Steve Cruz

Personal information
- Nicknames: Stevie, Super Kid
- Nationality: American
- Born: Estevan Cruz Jr. November 2, 1963 (age 62) Fort Worth, Texas, U.S.
- Height: 5 ft 6 in (168 cm)
- Weight: Featherweight

Boxing career
- Reach: 68 in (173 cm)
- Stance: Orthodox

Boxing record
- Total fights: 45
- Wins: 37
- Win by KO: 19
- Losses: 8

= Steve Cruz =

American boxer (born 1963)

Steve "Stevie" Cruz (born November 2, 1963) is a retired American professional boxer who became the WBA World Featherweight Champion on June 23, 1986. His trainer for much of his career was Don Gorman.

==Early life and amateur career==
Cruz, who is of Mexican descent was born of modest means in a barrio on the south side of Fort Worth, Texas on November 2, 1963. He graduated from Trimble Technical High School. Fairly early in his career, Cruz was trained and managed by Don Gorman, who operated the influential Gorman Gym in Fort Worth. Donald Curry, who was once the undisputed world welterweight champion and would take the WBC super welterweight title in 1988, also trained at the Gorman Gymnasium.

An exceptional amateur, Cruz won the 1979 National Junior Olympic Gold Medal at 112 pounds and the 1981 National Golden Gloves title at 119 pounds. He was also a three-time Fort Worth Golden Gloves champion and a two-time Star-Telegram Texas Golden Gloves champion. He gained the nickname "Super Kid".
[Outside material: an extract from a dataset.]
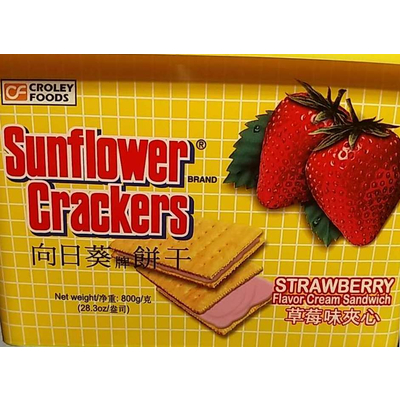Sunflower Crackers, Strawberry Cream (1 sandwich) contains 10g total carbs, 9g net carbs, 1.5g fat, 1g protein, and 60 calories.

Cruz turned professional in 1981, and won his first nineteen fights between October 1981 and February 1984, fighting almost exclusively in Texas, with a few bouts in Las Vegas.

==Professional career==

===Early professional career highlights===
On October 22, 1982, Cruz defeated Nicky Perez at Fort Worth's Will Rogers Coliseum before 2,700 fans in a ten-round unanimous decision. It was Cruz's first main event fight and his first full ten-rounder. He commented that he mostly counterpunched and felt somewhat tired by the end of the tenth. Perez would take the North American Boxing Federation (NABF) Super Featherweight title in his career. On November 9, Cruz would defeat Perez again in a ten-round unanimous points decision in Las Vegas. Cruz knocked Perez to the mat in the seventh and ninth rounds.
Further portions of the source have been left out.